■ **DATA**:
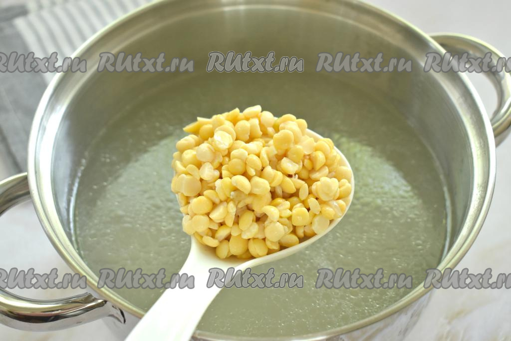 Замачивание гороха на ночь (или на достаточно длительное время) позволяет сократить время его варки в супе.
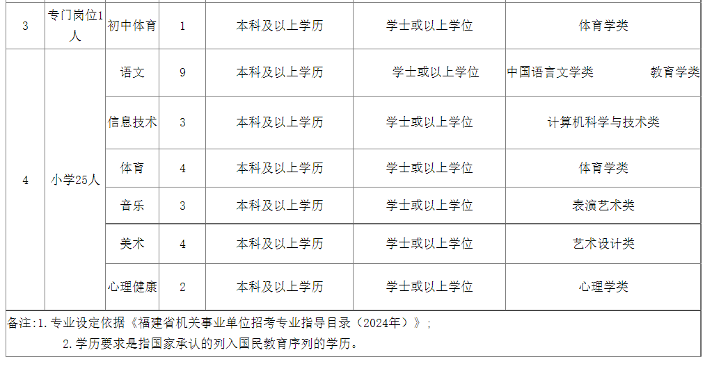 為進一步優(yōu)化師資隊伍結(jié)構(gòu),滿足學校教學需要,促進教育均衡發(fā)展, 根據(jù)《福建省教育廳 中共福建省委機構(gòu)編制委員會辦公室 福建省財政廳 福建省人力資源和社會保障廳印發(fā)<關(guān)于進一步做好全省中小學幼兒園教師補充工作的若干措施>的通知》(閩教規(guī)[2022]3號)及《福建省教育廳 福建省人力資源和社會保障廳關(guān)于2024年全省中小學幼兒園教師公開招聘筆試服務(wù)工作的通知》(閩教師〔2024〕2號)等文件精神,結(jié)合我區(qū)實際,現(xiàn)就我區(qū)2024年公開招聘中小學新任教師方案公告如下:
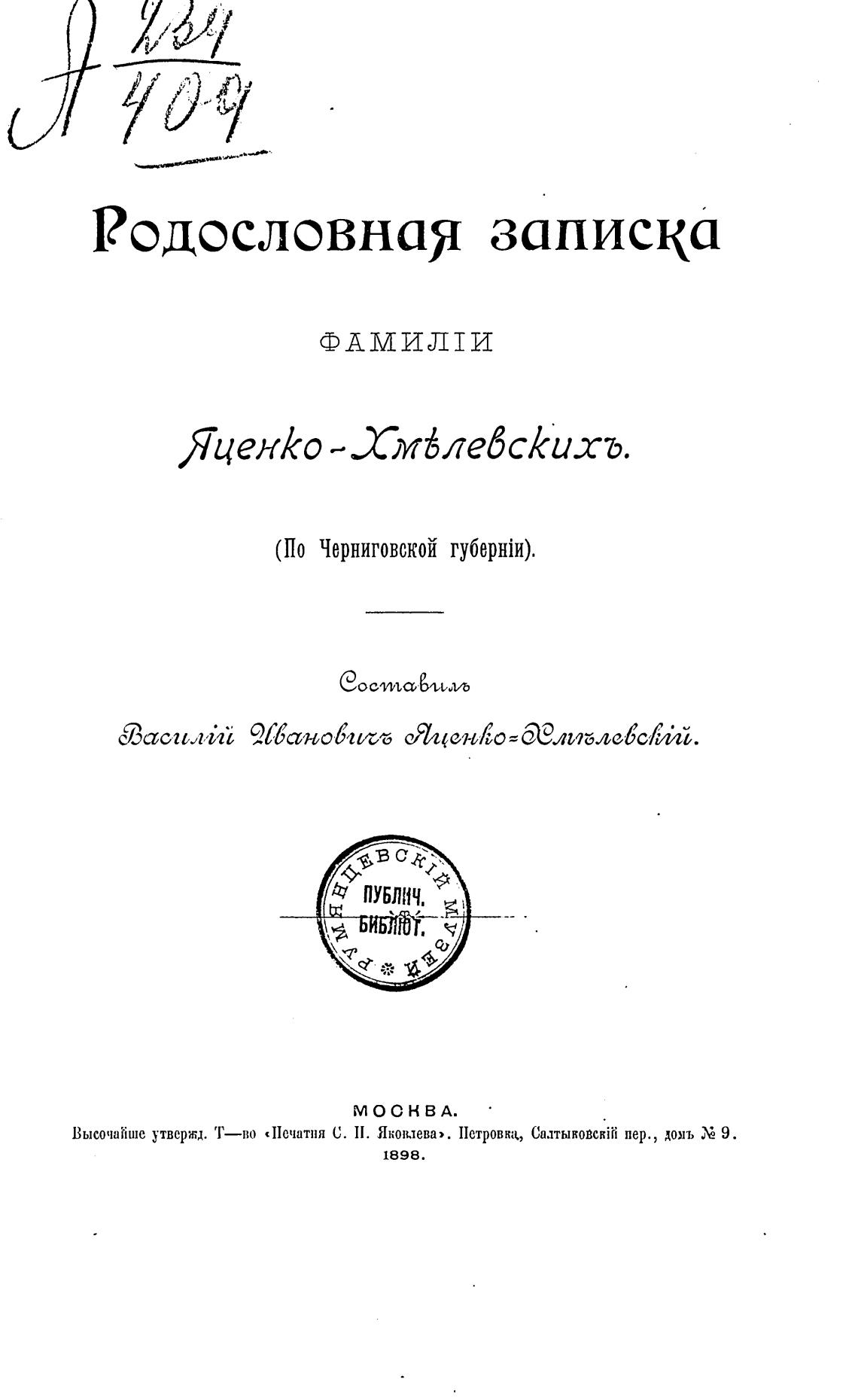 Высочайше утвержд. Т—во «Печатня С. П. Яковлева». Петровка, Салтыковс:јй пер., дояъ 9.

■ **WHAT THE TASK ASKS**:
Drop the images and repeat the data exactly.

■ **ANSWER TO THIS PROBLEM**:
 Замачивание гороха на ночь (или на достаточно длительное время) позволяет сократить время его варки в супе.
 為進一步優(yōu)化師資隊伍結(jié)構(gòu),滿足學校教學需要,促進教育均衡發(fā)展, 根據(jù)《福建省教育廳 中共福建省委機構(gòu)編制委員會辦公室 福建省財政廳 福建省人力資源和社會保障廳印發(fā)<關(guān)于進一步做好全省中小學幼兒園教師補充工作的若干措施>的通知》(閩教規(guī)[2022]3號)及《福建省教育廳 福建省人力資源和社會保障廳關(guān)于2024年全省中小學幼兒園教師公開招聘筆試服務(wù)工作的通知》(閩教師〔2024〕2號)等文件精神,結(jié)合我區(qū)實際,現(xiàn)就我區(qū)2024年公開招聘中小學新任教師方案公告如下:
 Высочайше утвержд. Т—во «Печатня С. П. Яковлева». Петровка, Салтыковс:јй пер., дояъ 9.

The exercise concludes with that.